The initial public offering (IPO) of Quality Power Electrical Equipments kicks-off for bidding today, that is on Friday, February 14. The company is selling its shares in the range of Rs 401-425 apiece and investors can apply for a minimum of 26 equity shares and its multiples thereafter. The issue shall close for bidding on Tuesday, February 18.
Incorporated in 2001, Sangli-based Quality Power Electrical Equipments is engaged in the business of energy transition equipment and power technologies. It provides high-voltage electrical equipment and solutions for grid connectivity and energy transition, specializing in power products across generation, transmission, distribution, and automation sectors.
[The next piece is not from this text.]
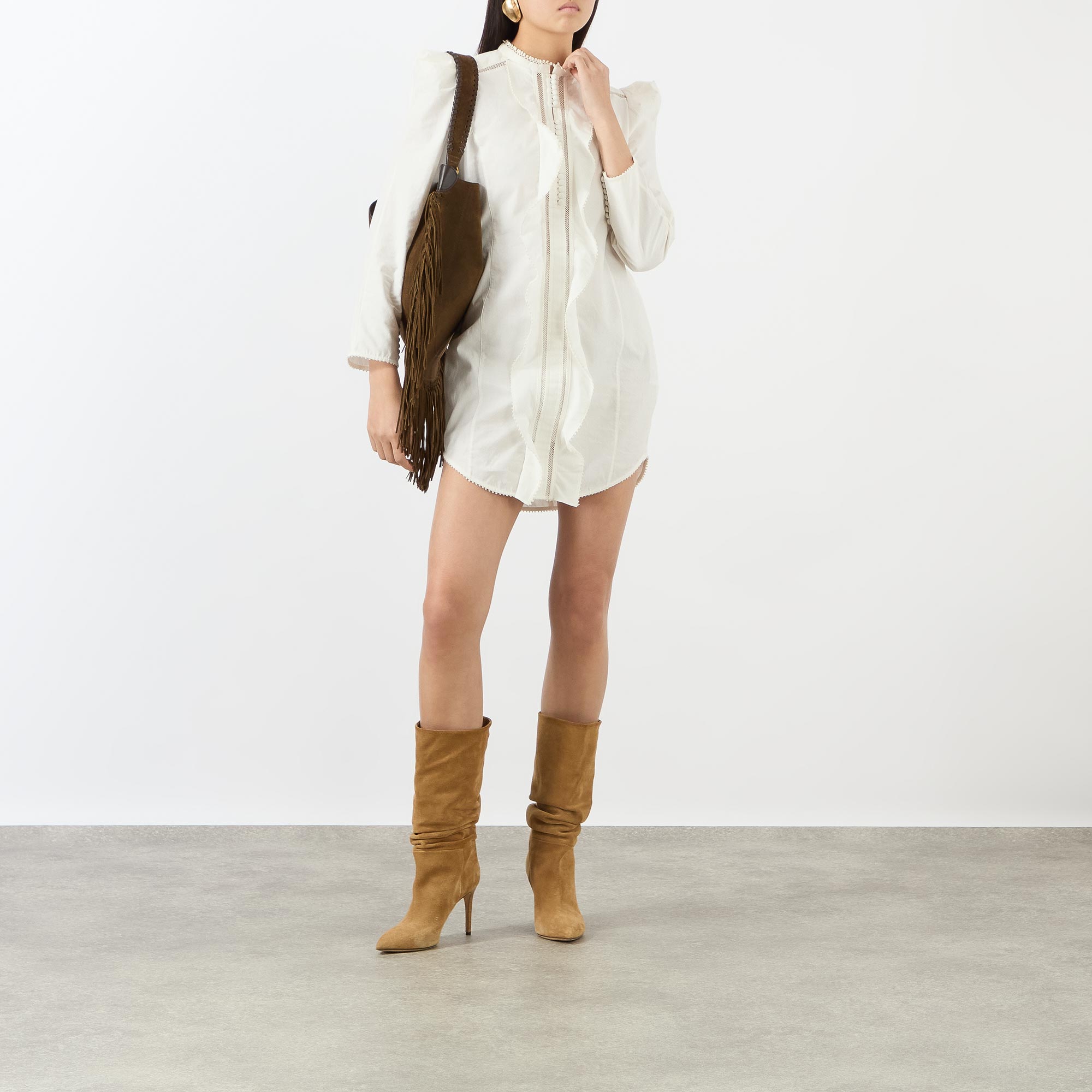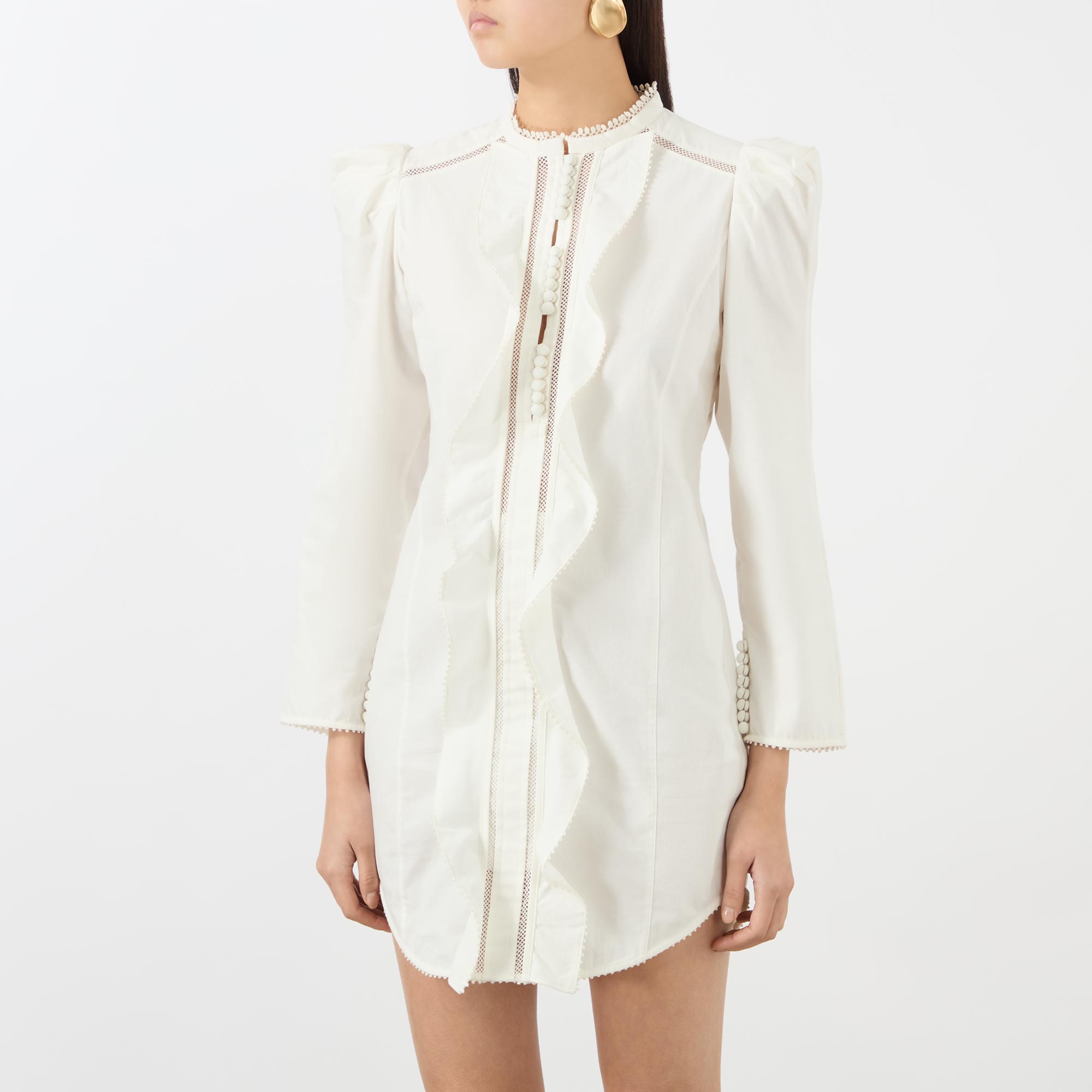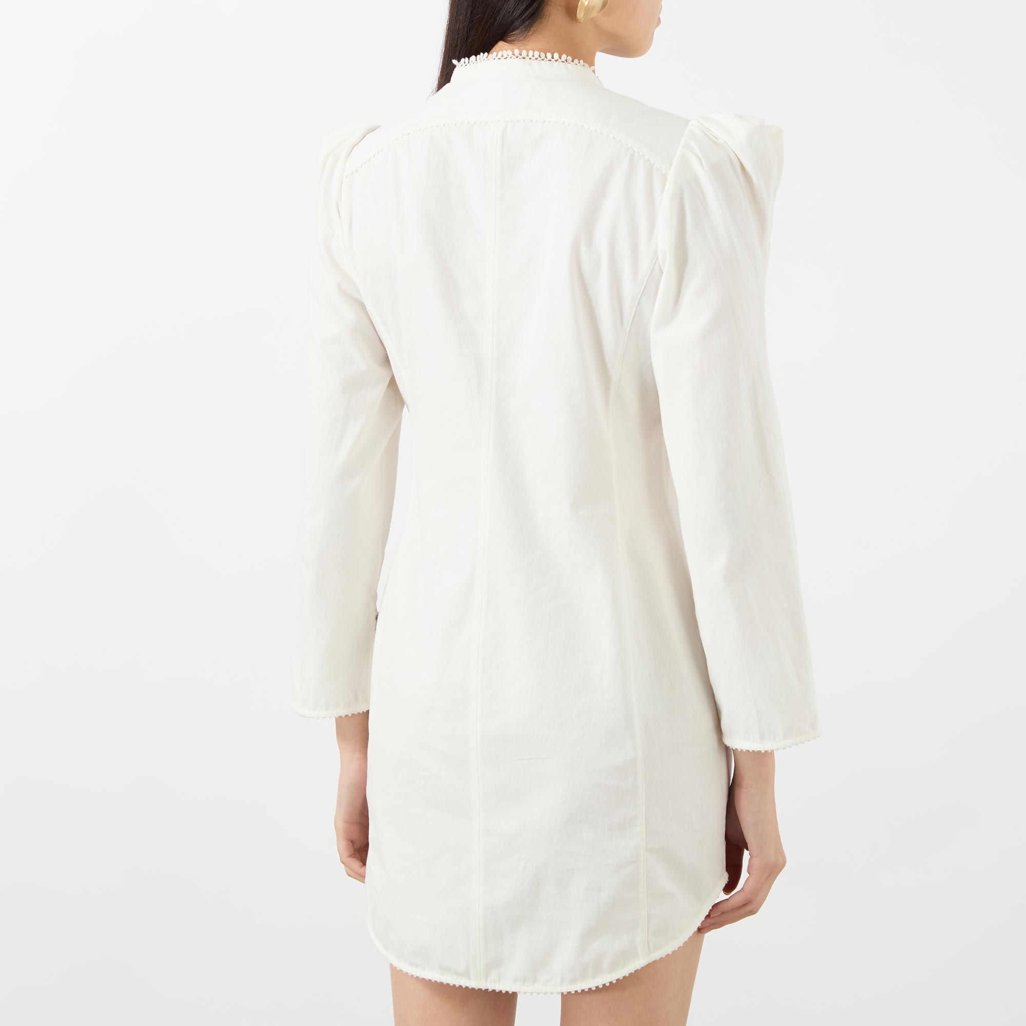 Delicate embroidery and openwork lace are dotted throughout Isabel Marant’s new SS26 line, and the Chantal dress fits the bill. Cut with a Mandarin collar and long sleeves, it boasts elegant puffed shoulders, while its shift silhouette is accented with ruffle trim along the button placket before falling to a classic mini length.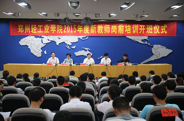上午,郑州轻工业学院2015年度新教师岗前培训班在东风校区图书馆报告厅正式开班。校长赵卫东,副校长毛多斌、王新杰出席开班仪式。人事处、教务处、宣传部、科技处、研究生处、财务处、图书馆、现代教育技术中心负责人以及各院(直属系、部)的负责人参加了开班仪式。

The Rs 858.70 crore IPO of Quality Power Electrical Equipments includes a fresh share sale of Rs 225 crore and an-offer-for-sale (OFS) of up to 1,49,10,500 shares worth Rs 633.70 crore. The net proceeds from the issue shall be utilized towards acquisition of Mehru Electrical and Mechanical Engineers, funding capex needs, funding inorganic growth and general corporate purposes.
Quality Power manufactures critical high-voltage equipment for high voltage direct current (HVDC) and flexible AC transmission systems (FACTS) networks, enabling energy transition from renewable sources to power grids. It offers reactors, transformers, converters, and grid interconnection solutions globally with over 20 years of experience.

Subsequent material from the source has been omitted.